Write two iterated integrals that equal \(\iint_{R} f(x, y) d A,\) where \(R=\\{(x, y):-2 \leq x \leq 4,1 \leq y \leq 5\\}\)

Short Answer

Expert verified
Answer: The two different iterated integrals are: 1) $$\int_{-2}^{4}\int_{1}^{5} f(x, y) \: dy \: dx$$ 2) $$\int_{1}^{5}\int_{-2}^{4} f(x, y) \: dx \: dy$$

Step by step solution

01

1. Find the first iterated integral (dy dx)
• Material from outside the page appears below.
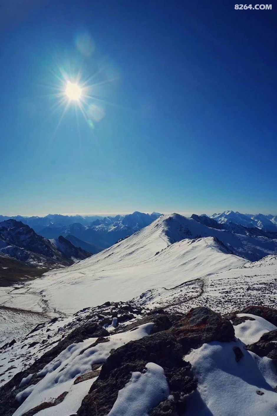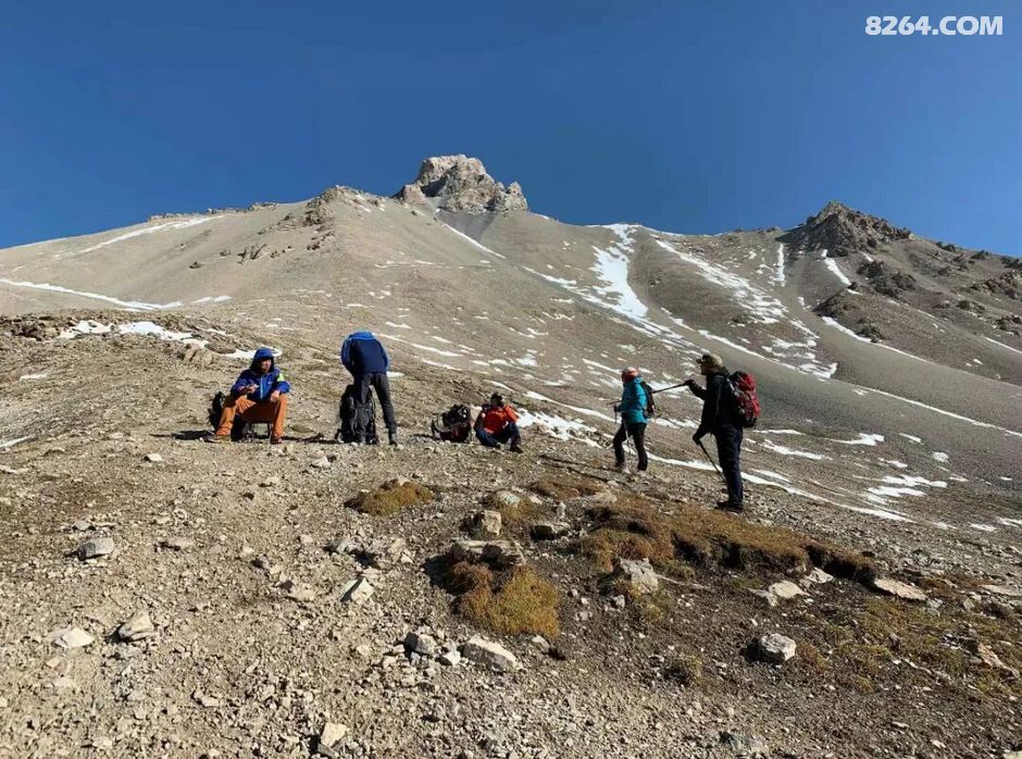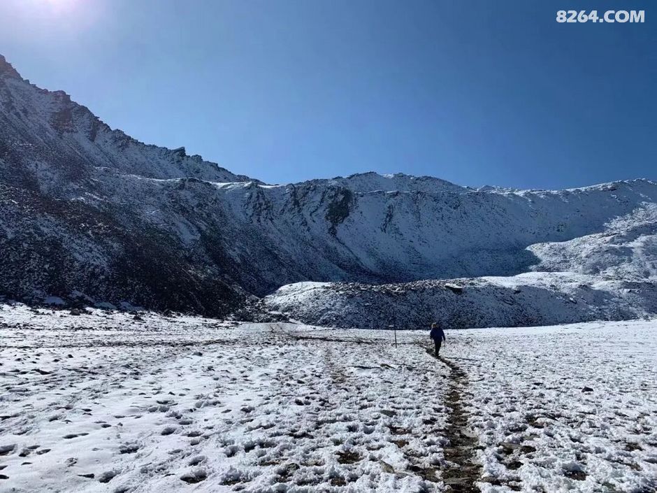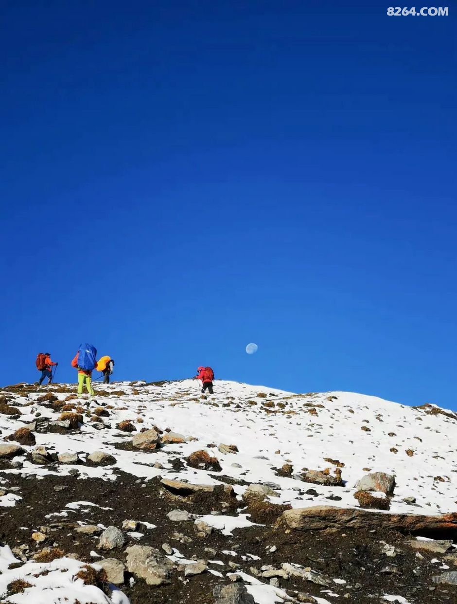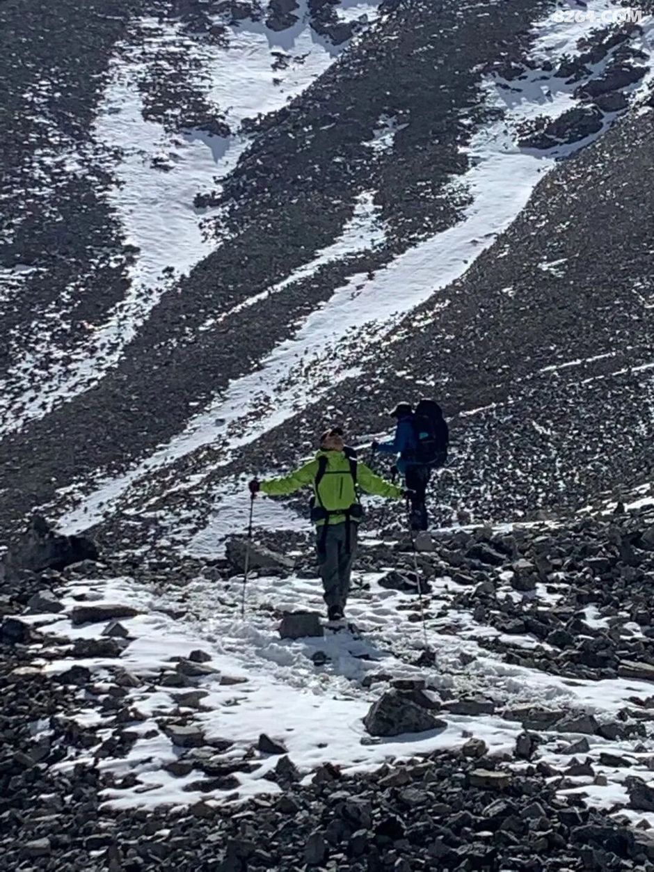 早上开始出发便一路上行,越往上走,绿色渐渐消失……一眼望去,湛蓝的天空之下几乎全是积雪点缀中的碎石山峰!

Given the region R: \(\{(x, y):-2 \leq x \leq 4,1 \leq y \leq 5\}\), we can determine the bounds for both dy and dx in the first iterated integral. The outer integral will be over x, and the inner integral will be over y. For x, the bounds are given: \(-2 \leq x \leq 4\). For y, it is also given: \(1 \leq y \leq 5\). The first iterated integral is: $$\int_{-2}^{4}\int_{1}^{5} f(x, y) \: dy \: dx$$
02

2. Find the second iterated integral (dx dy)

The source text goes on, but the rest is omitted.